- WORK ORDER
Could the lines from the start of the data through the line with "重点是,在专业面中我们需要说" be set down exactly, with no pictures among them?

- SUPPLIED RECORDS
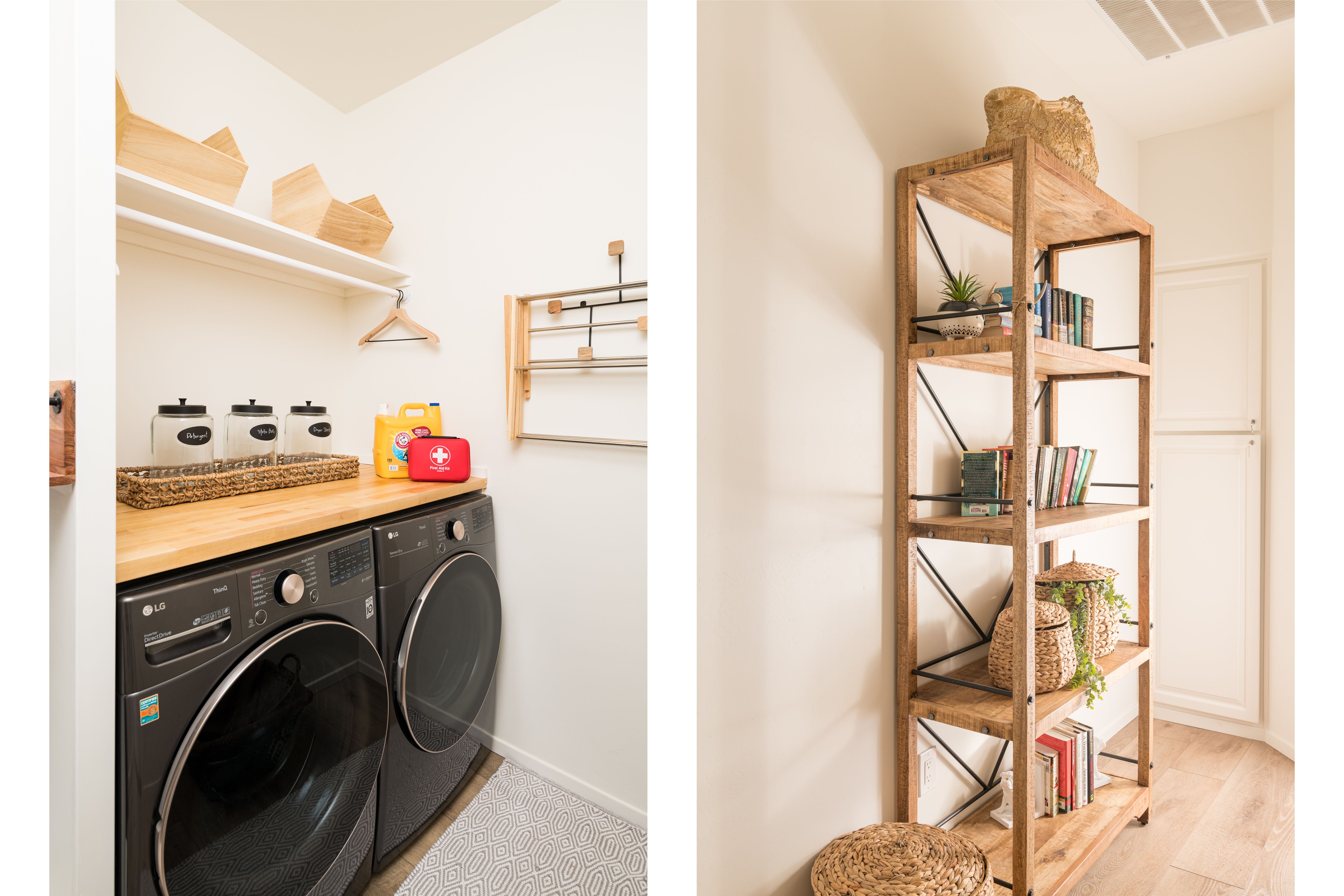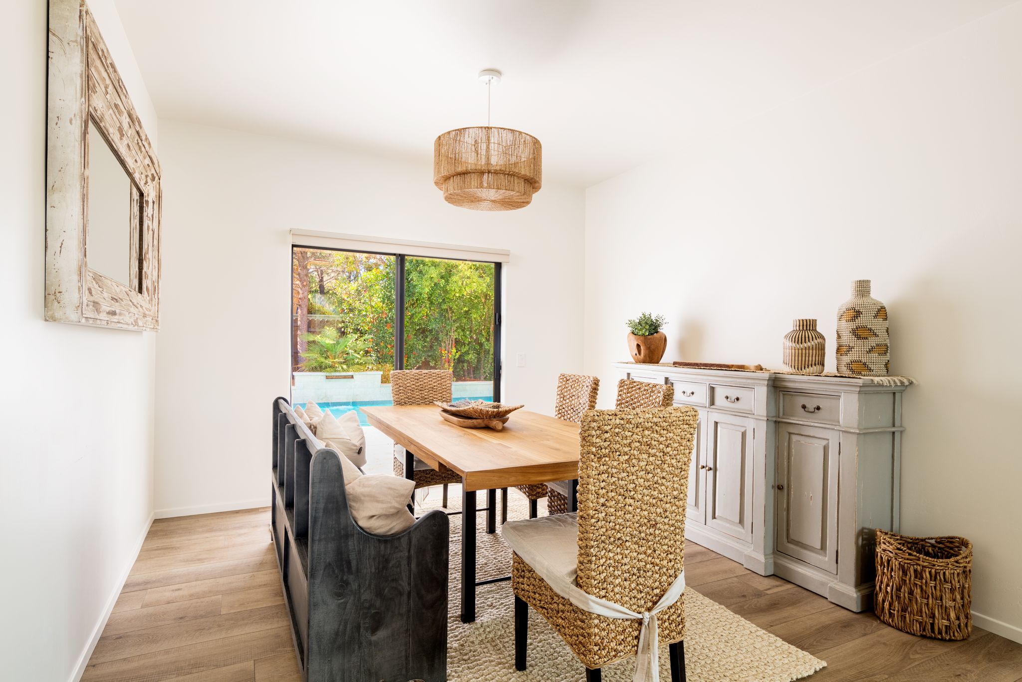 The fully furnished, chef-ready kitchen features all upscale appliances including a 6 burner gas cooktop and oven, coffee bar, refrigerator/freezer, dishwasher, and loads of pantry space! Also includes plenty of spacious seating with a family-sized kitchen island (seating for 4) and a dining table (seating for 7) overlooking the pool waterfall.
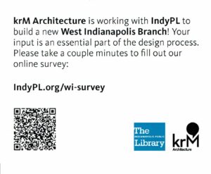 At last Saturday’s WINC meeting, the Capital Projects Manager of Indianapolis Public Library and architects from krM Architecture discussed future designs for our library at WINC’s meeting last Saturday. If you weren’t able to make it, please click here fill out this community input survey to help design a branch that serves our needs or use the QR code below. You can also access the survey by clicking on the image.
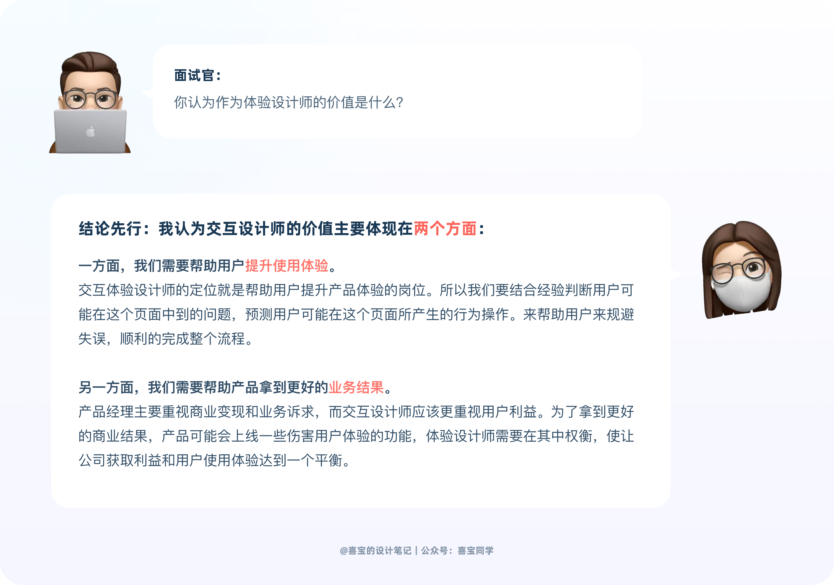 重点是,在专业面中我们需要说清楚在之前的工作经历里,当你面临一个问题时是如何思考,如何解决的,并且最后拿到了什么结果(划重点!!很多时候设计师,都在专注于解决问题,或者是输出设计稿,而忽略了业务结果)
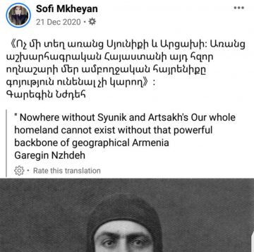Armenian singer Sofi Mkheyan was also quite active during the war and the post-war period. The singer, who compares Azerbaijanis to the devil, shared revanchist quotes after the war, including one by Garegin Nzhdeh, stating: “Nowhere without Syunik and Artsakh. Without this strong backbone of geographic Armenia, our integral homeland cannot exist.”
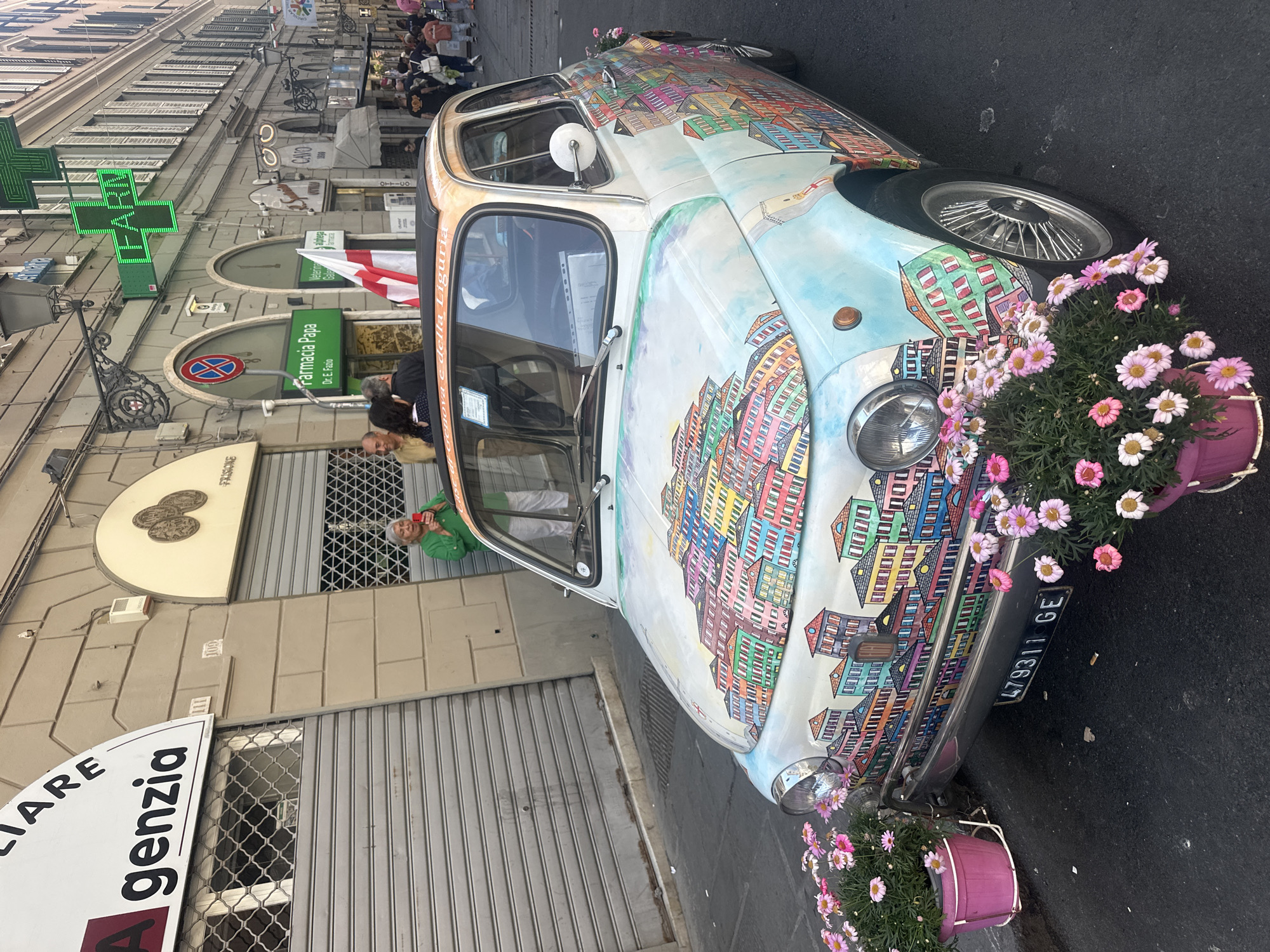 vividly painted vintage Fiat 500 parked on a street in Genoa, Italy
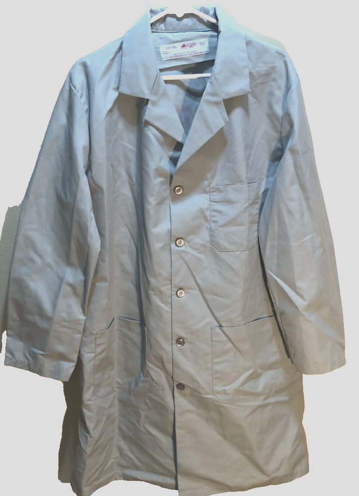 The Compaq Lab Long Coat Vintage 80s 90s Image Plus by Red Kap is a stylish and nostalgic piece of work clothing from the electronic industry. This unisex XL lab coat is made from a comfortable cotton blend material in a classic gray color. With a length of 41 inches, it provides ample coverage and protection for a variety of lab and work environments. Made in the United States, this coat combines retro style with practical functionality, making it a unique and eye-catching addition to anyone's wardrobe. Vintage 80s 90s Red Kap Image Plus Compaq Lab Coat *80% Polyester, 20% Cotton *Screen-printed *Color: Gray Size: Adult 44-Regular Measurements: *Armpit to Armpit: 24" *Shoulder to Hemline: 41" *Shoulder to Shoulder: 18.5" Condition: New without tags Old stock
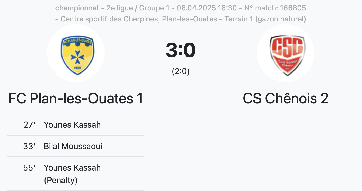 Lui aussi confronté à une affiche déséquilibrée sur le papier, Chênois II n’a pas pu éviter la défaite contre Plan-les-Ouates (3-0). Après leur victoire du week-end dernier contre Meyrin II, les hommes de Romain Pétremand et Carlos Alonso n’ont pas réussi à enchaîner. Peu après la demi-heure, PLO menait déjà 2-0 (27′ Younes Kassah, 33′ Bilal Moussaoui).

- SOLUTION TO THIS TASK
 The fully furnished, chef-ready kitchen features all upscale appliances including a 6 burner gas cooktop and oven, coffee bar, refrigerator/freezer, dishwasher, and loads of pantry space! Also includes plenty of spacious seating with a family-sized kitchen island (seating for 4) and a dining table (seating for 7) overlooking the pool waterfall.
 At last Saturday’s WINC meeting, the Capital Projects Manager of Indianapolis Public Library and architects from krM Architecture discussed future designs for our library at WINC’s meeting last Saturday. If you weren’t able to make it, please click here fill out this community input survey to help design a branch that serves our needs or use the QR code below. You can also access the survey by clicking on the image.
 重点是,在专业面中我们需要说清楚在之前的工作经历里,当你面临一个问题时是如何思考,如何解决的,并且最后拿到了什么结果(划重点!!很多时候设计师,都在专注于解决问题,或者是输出设计稿,而忽略了业务结果)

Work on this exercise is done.